Your patient became markedly restricted or blind, or the life-sustaining therapy began -

(answer) 2001, 10

Diagnosis

Legally blind

Dementia

As a qualified person, I certify that to the best of my knowledge the information given in Part B is correct and complete.

Dr. Irene C. Bergh

[25]     Based on the testimony of Barbara Goertzen and the other evidence submitted, Hawthorn Park would qualify as an "institution or other place" as referred to in paragraph 118.2(2)(e) of the Act.

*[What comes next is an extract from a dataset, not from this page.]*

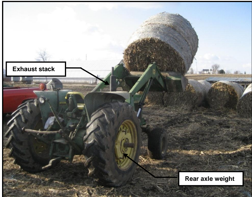
Photo 2 – Re-enactment showing the equipment involved and the orientation and approximate height of the raised bale before the incident. Note the arrangement of remaining bales illustrating how they were stored.

The cause of death was suffocation resulting from mechanical asphyxia.

[26]     In determining whether paragraph 118.2(2)(e) would be applicable I have considered the following Court decisions:

1.        Dungan v. R., [2003] 3 C.T.C. 2156 ["Dungan"], is a case on point with an almost identical fact pattern. In that case the taxpayer lived in a facility that was not a licenced nursing home. The taxpayer claimed a non-refundable medical expense credit for $26,009.00, the amount paid to the facility over one taxation year. The Court referred the assessment back to the Minister for reassessment based on the finding that the amount in question was a medical expense within the meaning of paragraph 118.2(2)(e) of the Income Tax Act. In coming to its conclusion the Court stated, at paragraph 12:

12.        In Title Estate v. R., the Minister denied the deceased Appellant the deduction of $71,361.60, which had been paid by the Appellant in respect of his stay in an uncertified nursing home. The estate of the Appellant appealed to the Tax Court of Canada. Judge Bell allowed the appeal by focusing on the requirements of paragraph 118.2(2)(e) of the Act. One of the requirements present in paragraph 118.2(2)(e) is the certification that the Appellant requires the assistance offered by the institution. Judge Bell concluded that the letter by the Appellant's physician stating "This person requires supervised setting since January 31, 1995 due to medical illness. This person requires a 24-hour companion." was sufficient to meet this requirement. However, the Federal Court of Appeal overturned the decision of the Tax Court. Sharlow J.A., speaking for the Federal Court of Appeal, stated:

In our view, a certificate under paragraph 118.2(2)(e) must at least specify the mental or physical handicap from which the patient suffers, and the equipment, facilities or personnel that the patient requires in order to obtain the care or training needed to deal with the handicap. The certificates in this case are simply too vague to meet that requirement.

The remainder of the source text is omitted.